En 2019, la recuperación económica se vio interrumpida en marzo y abril por los ciclones Idai y Kenneth, que afectaron especialmente a la zona de Beira. La destrucción de cosechas e infraestructuras afectó negativamente a los datos del PIB, de manera que en 2019 se tuvo un crecimiento del 2,2%, un 1,1% inferior al año anterior. Las expectativas apuntaban a una rápida recuperación, de manera que rebotaría rápidamente al alza los años siguientes, impulsado por la normalización de la política monetaria y las inversiones en el sector del gas.

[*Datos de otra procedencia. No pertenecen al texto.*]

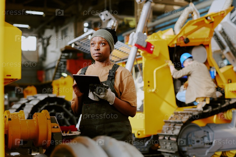 Афроамериканская женщина, работающая на производстве машин
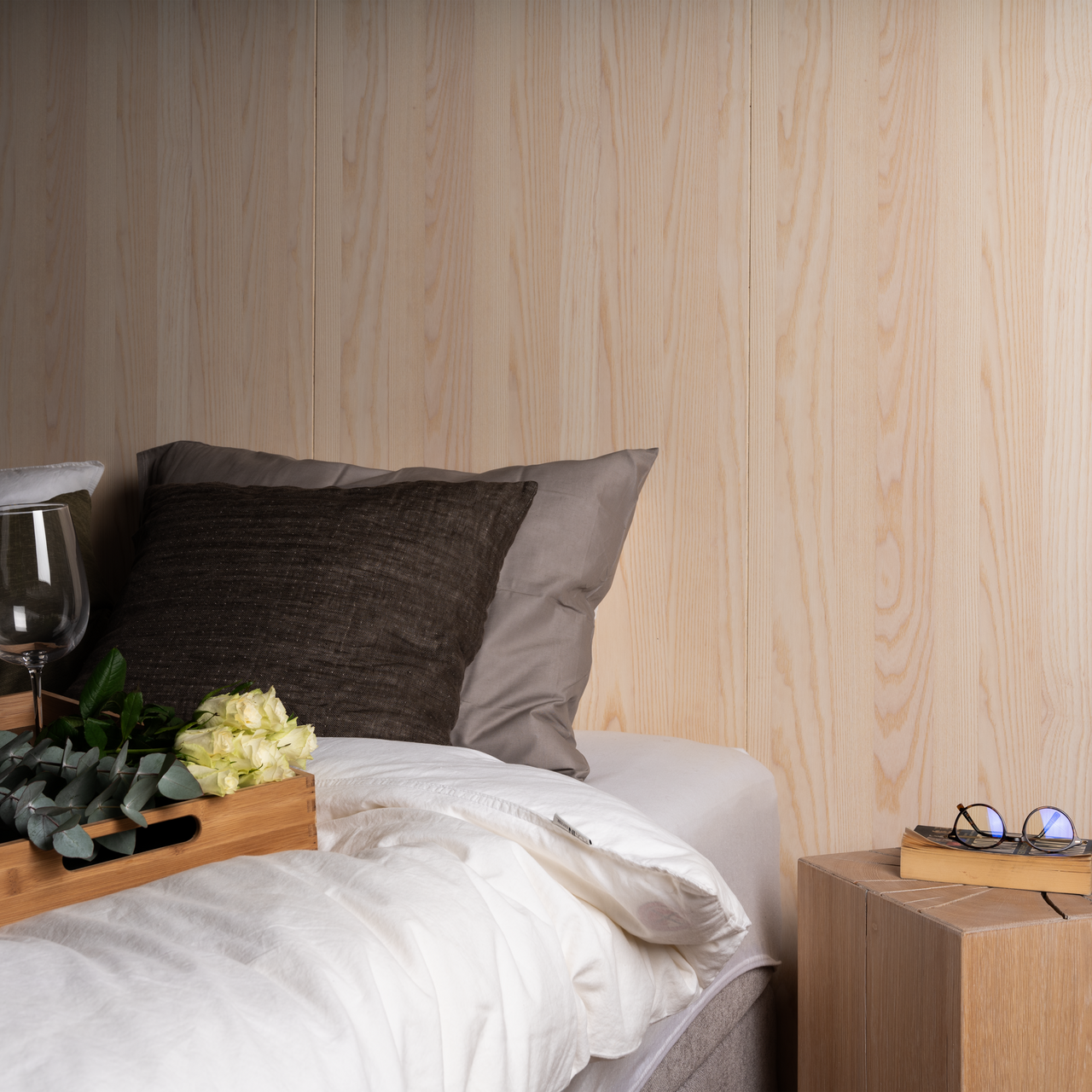 Finervariasjoner: Tre er et levende materiale, og det er det som gir liv til ferdig montert vegg/tak. Det anbefales å sortere platene for å skape «sitt bilde» før de monteres på vegg/tak. Det kan være små variasjoner i finer uttrykket, og dette er naturlig.

Sin embargo, la evolución de la pandemia originada por la COVID-19 ha provocado que la economía no solo no se recupere, sino que empeoren las perspectivas de crecimiento económico a corto plazo del país con una contracción  del 0,5% del PIB en 2020 frente al 4,3% previsto. Asimismo, la reducción de la demanda y los precios de las materias primas  están desacelerando el ritmo de la inversión en gas y carbón, dos industrias clave para Mozambique. 

El principal reto a los que se enfrenta el país es asegurar la supervivencia de los megaproyectos de gas ante la amenaza terrorista. Y si esto sucede garantizar el crecimiento inclusivo en los sectores productivos de la economía. 

Asimismo, persistirá la crisis de liquidez que atraviesa el país debido a la ineficiente gestión de la deuda y a una política fiscal laxa. La reestructuración de la deuda de Ematum fue bien acogida por la comunidad internacional y la calificación crediticia del país mejoró en 2019. Sin embargo, Mozambique sigue situándose en riesgo de incumplimiento de pagos, por lo que se le seguirá restringiendo el acceso a la mayoría de las fuentes de financiación internacionales.